Since I know very little about administration and server-maintenance, I chose wikidot.com to host my POC web-site. They have an elaborate support for permissions and most of the features I need, such as the ability to rate, tag and discuss snippets.

Trust

Perhaps the biggest issue with such a system is trust. Since you’re running code which resides online, you have to trust me not to maliciously alter the snippets, and also you have to trust the author of the snippet not to do so.

As a partial solution, uploaded files cannot be altered: Not edited, nor renamed, nor deleted, etc. So if specify a particular snippet version, it is guaranteed that it will never change (I may commit changes by request, but I will audit them myself).
If you decide to use the latest version of a snippet (that is, not specify a version), please make sure you trust its author.

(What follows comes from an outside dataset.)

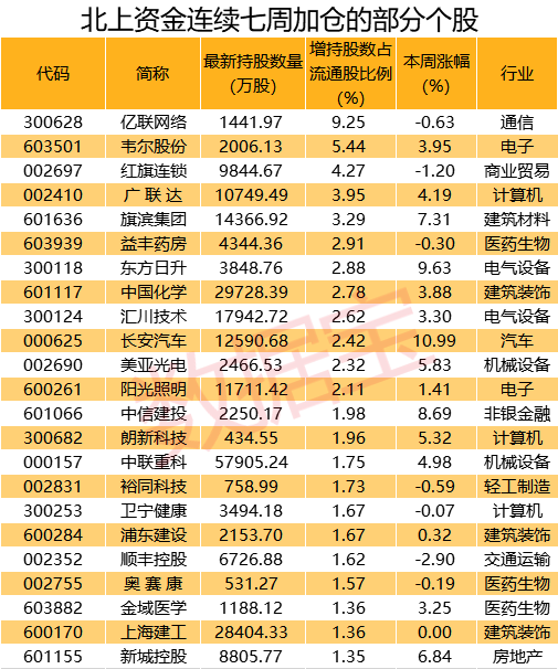 将时间拉长,51股被北上资金连续七周增仓。从持股比例变动情况来看,亿联网络获增仓幅度最大,北上资金持股比例相比7周前增加了9.25个百分点;其他增仓幅度较大的还有韦尔股份、红旗连锁、广联达等。

Perhaps higher-ups in the Python community would like to take some sponsorship of the project, removing the remaining trust-issues with the administrator (that’s me).

Implications

  • To distribute your snippets, all you need is for the reciever to have an internet connection, and the snippets client.
  • If you’re sending someone code, you can attach the client (it’s rather small, too), and just import away. The reciever will benefit from improvements and bugfixes to your snippets.
  • You can use other people’s snippets just as easily, as long as you trust them.
  • Snippets can now build on each other without worrying too much.

What if my user is offline?

Then probably PySnippets isn’t for him.

However, I do have some ideas, and might implement them if there is sufficient demand.

Afterword

PySnippets is my humble attempt at solving the utility/snippet reuse problems. I hope you like it and find it useful.

Please try it!